Multithreading with dynamic scheduler

I have an expensive function that I need to evaluate for several inputs. To use multithreading, I usually use the following workflow:

inputs = collect(deepcopy(input) for _ = 1 : Threads.nthreads())
Threads.@threads for k in iterable
	id = Threads.threadid()
	change_input!(inputs[id], k)
	expensive_function(inputs[id])
	restore_input!(inputs[id], k)
end

Since the time per iteration can vary, I want to use a dynamic scheduler with @spawn. To do so, I must ensure that a specific thread must not switch tasks before finishing the entire loop iteration. How can I do that?

It seems to me that I cannot do this without overwriting the wait function.

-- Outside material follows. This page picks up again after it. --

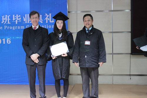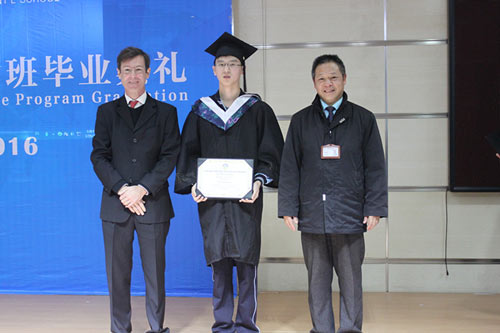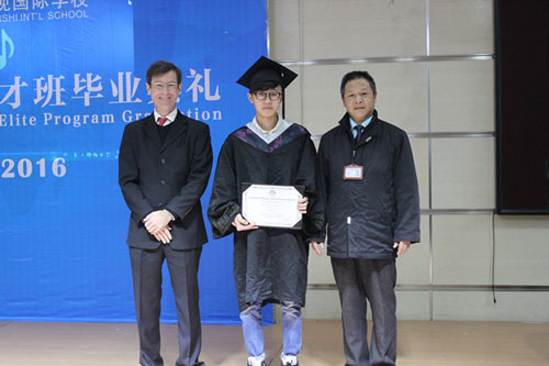 中美英才班主任Dan Plaut先生和美視中學(xué)部校長(zhǎng)徐德雄先生為2016級(jí)中美英才班畢業(yè)生們頒發(fā)結(jié)業(yè)證書(shū)

Is that correct?

Thanks in advance

Could you refactor your code to use a pure function for parallel execution?
Then you could do

f(x) = x^2 # some expensive (pure) function
inputs = 1:10
futures = [Threads.@spawn f(x) for x in inputs]
# maybe more code here which does not depend on results
results = fetch.(futures)
1 Like

You might also consider using ThreadPools.jl which exposes the @qthreads macro for a dynamically scheduled for loop

2 Likes

Maybe something like

function worker(input, channel)
    while true
        k = take!(channel)
        isnothing(k) && break
        change_input!(input, k)
        expensive_function(input)
        restore_input!(input, k)
    end
end

channel = Channel(N)
workers = []
for i = 1:N
    push!(workers, @spawn worker(deepcopy(input), channel))
end

for k in iterable
    put!(channel, k)
end

for i = 1:N
    put!(channel, nothing)
end

for worker in workers
    wait(worker)
end
1 Like

I thought about calling input_copy = deepcopy(input) inside the for loop and then calling the pure function expensive_function(input_copy). The problem is that input occupies a lot of memory, so I would rather minimize the number of calls to deepcopy.

I didn’t know about ThreadPools. Thanks!

Actually, I think I cannot guarantee that each worker is assigned to each thread. Maybe this is something where I can use the @tspawnat macro of the ThreadPools package suggested by @biona001.

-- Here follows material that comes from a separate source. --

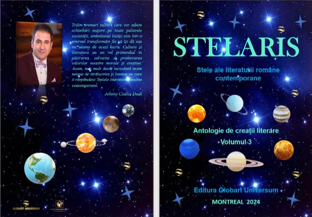 Sosit mai târziu, volumul 3 al antologiei ”Stelaris -Stele ale literaturii române contemporane”, antologie de creații literare, editată de prestigioasa Editură Globart Universum din Montreal, 2024, cuprinde un florilegiu de creații literare semnate de scriitori români de pe meridianele lumii.

If your expensive_function does not modify input (and only returns its output), there is no need to copy it.
If it does need to modify the input, maybe there is a way to split input into separate elements (e.g. columns in a matrix) where each instance of expensive_function only operates on a distinct part of it? Then a (distinct) view on input could be passed to each instance of the expensive_function.

Why do you need that guarantee?

For each iteration, I initially modify some of the elements of input (a struct basically composed of Vector{Float64} fields) and then I call expensive_function. Indeed, I could split input into two different variables where only one of them is modified in each iteration. The only problem is that it would demand much work to adapt expensive_function for this case.

Indeed, I didn’t pay attention to the fact that in your code I have each deepcopy(input) binded to a specific task, rather than binded to a specific thread.

I’ll definitely test your solution. Thank you!